Banks are set to begin hiring – or at the very least they don’t plan on firing – according to a survey released Monday.

According to Grant Thornton LLP’s 17th Bank Executive Survey, which was conducted with Bank Director magazine, 82% of bank executives polled said that the number of people their bank employs will either increase or remain the same in the next six months.

Eighty percent said that the U.S. economy will either improve or remain the same in the next six months and 82% expect their local economy will either improve or remain the same in the next six months.

A year earlier, 86% of bankers were pessimistic about the state of the U.S. economy.

“Bankers’ opinions on the economy have certainly shifted compared to this time last year,” said John Ziegelbauer, the managing partner of Grant Thornton’s financial institutions practice. “We still have a long way to go, but they are moving in the right direction.”

In regards to their bank’s loan portfolios, the majority of bankers said that they expect to see the most loan losses in their commercial loan portfolios in the year ahead – commercial loans (17%) and commercial real estate loans (55%) – with the next largest category being residential real estate loans at 12%.

Rick Huff, a partner in Grant Thornton’s financial institutions practice, said that upon further inspection, regional data indicates that bankers in the Southeast are more pessimistic about expected losses in commercial real estate loan portfolios (65%) compared to the bankers in the Northeast region (45%).
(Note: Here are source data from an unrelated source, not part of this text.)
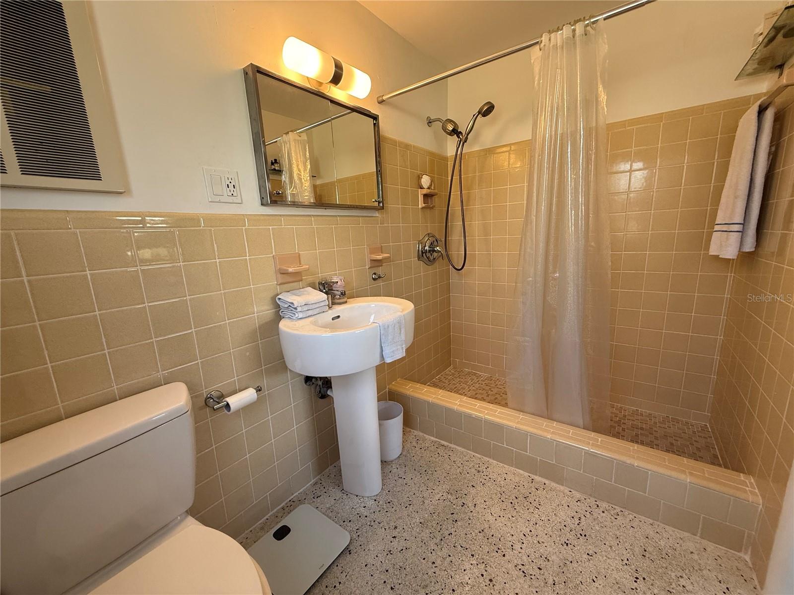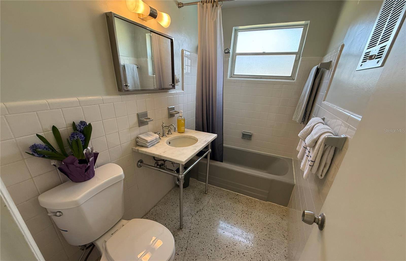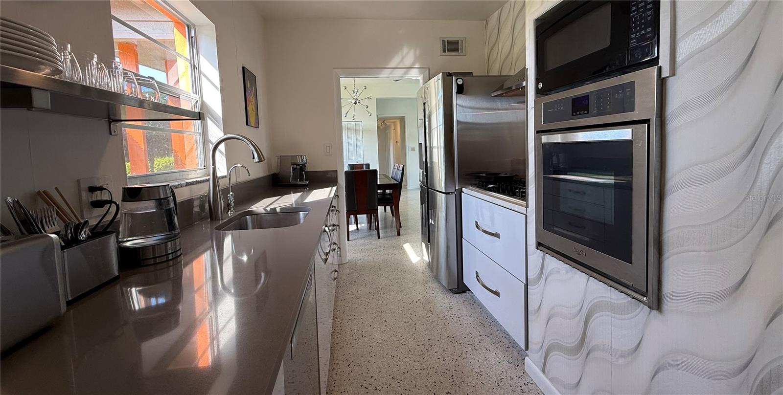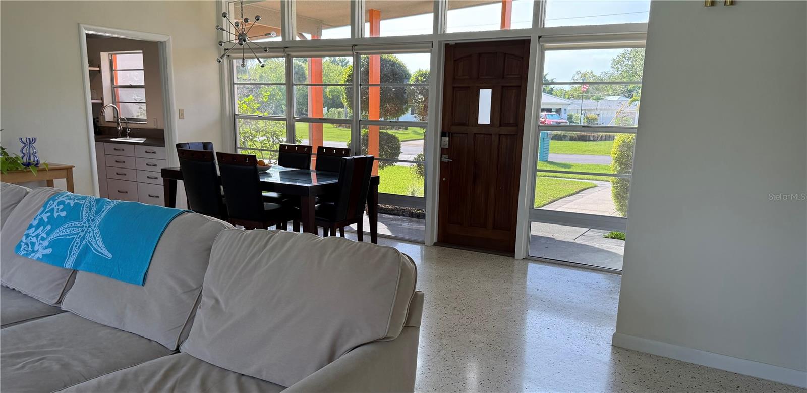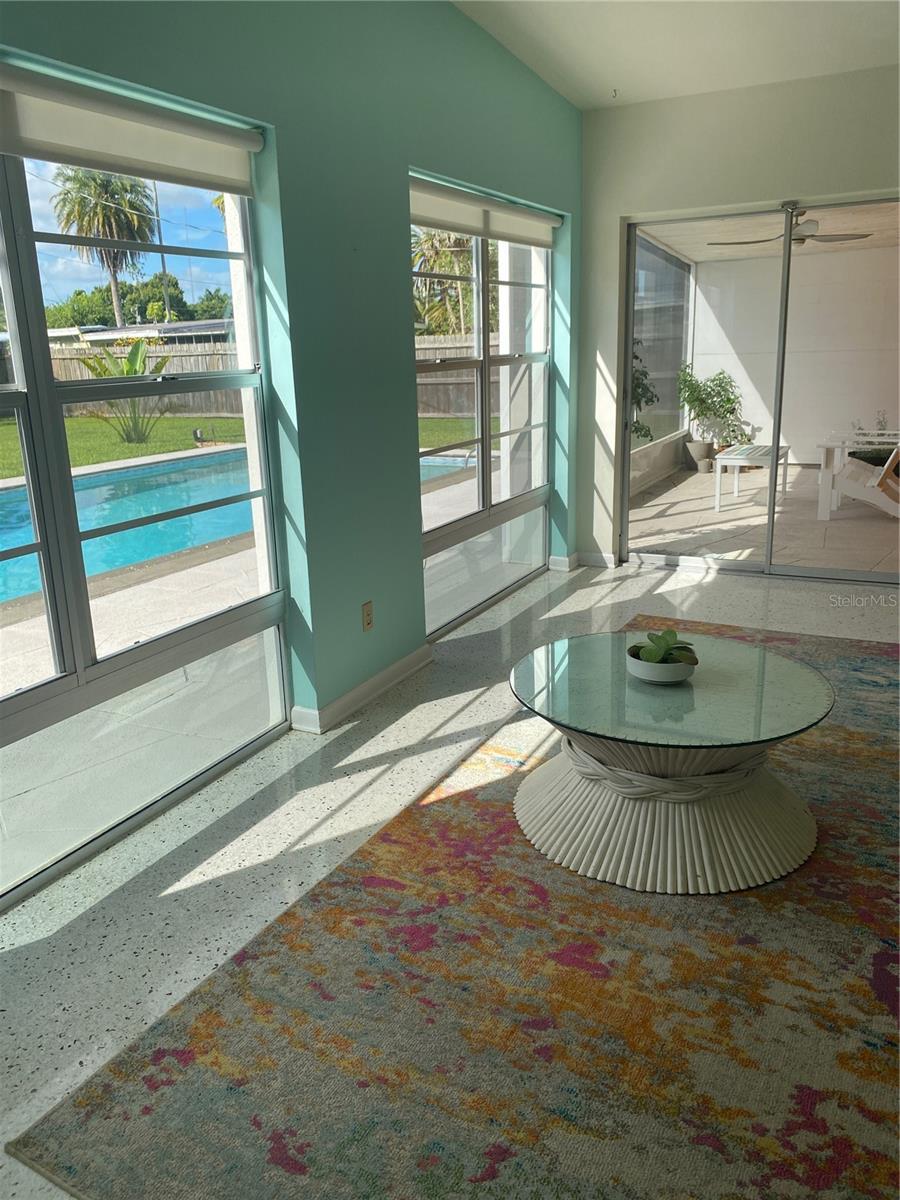 This impeccably maintained 3-bedroom, 2-bath home is built with solid CBS construction and full hurricane protection, including shutters and custom garage doors for enhanced safety and peace of mind. Step inside to discover a bright, airy interior filled with Mid-Century charm, expansive windows, and picturesque views of the 15x30 saltwater pool and lush, private backyard oasis — a true retreat. The unbeatable location offers quick access to grocery stores, pharmacies, gas stations, and the beach. Enjoy a spacious, fully fenced yard with a screened porch and side-gated access for your boat or RV. Striking Terrazzo floors, a sleek kitchen with stainless appliances and a gas stove, plus a double-car garage with ample storage make this home a rare gem.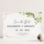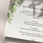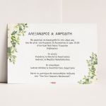 • Διακόσμηση & Σχεδίαση: Τα λευκά λουλούδια και τα πράσινα φύλλα συνδυάζουν τα απαλά χρώματα της φύσης, για να ομορφύνουν με κομψότητα το προσκλητήριό σας.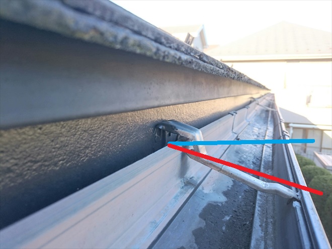 元々は青いラインの位置に雨樋が設置されていましたが、屋根から雪が落ちる時に雨樋を押し下げてしまい、現在では赤いラインの位置になっています。これでは本来の排水量を確保出来ずに、雨量が多くなってしまうと外側からあふれてしまいます。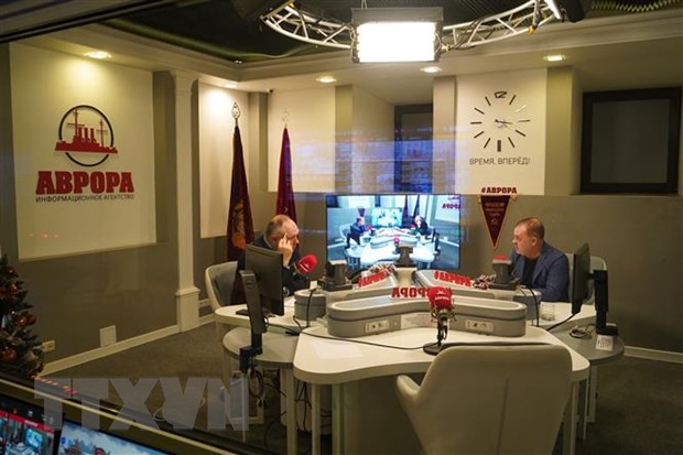 Người dẫn chương trình Georgyi Fedorov, Giám đốc phát triển chiến lược hãng thông tấn Avrora và chuyên gia chính trị thời sự quốc tế Nga, Chủ tịch Hội đồng chuyên gia Quỹ Nghiên cứu khóa học Á-Âu, ông Grygory Trofimchuk, trong chương trình bình luận về Biển Đông vừa được phát sóng trên kênh thông tin Avrova của Nga. Ảnh: Quang Vinh/TTXVN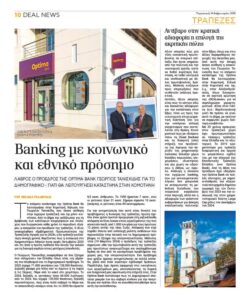 H Optima Bank, αθόρυβα και αποτελεσματικά ταυτόχρονα, προχωρά βήμα βήμα στην υλοποίηση ενός επιτυχημένου πλάνου με εθνικό και κοινωνικό πρόσημο. Χαρακτηριστικό είναι το ρεπορτάζ της «DEALnews», του Μιχαήλ Γελαντάλι, στις 14 Φεβρουαρίου, βάσει του οποίου το επόμενο κατάστημά της θα λειτουργήσει στην Κομοτηνή, με ό,τι θετικό αυτό συνεπάγεται για την οικονομία και την ίδια τη χώρα.

Additionally, the survey indicated that bankers in the Northeast expect to see more losses in single and multi-family real estate loans (22%) compared to bankers in the Southeast (10%).

“It appears that Southeast bankers believe that the worst of the residential real estate losses is over,” Huff said. “While Northeast bankers seem to be predicting that the worst is yet to come for residential portfolios.”

Grant Thornton, which is based in Chicago, conducted the national survey of 246 bank chief executive officers and chief financial officers from Nov. 17 through Dec. 3. Sixty-one percent of the respondents were from small banks with less than $500 million in estimated assets and the remaining 39% were from large banks with more than $500 million in estimated assets.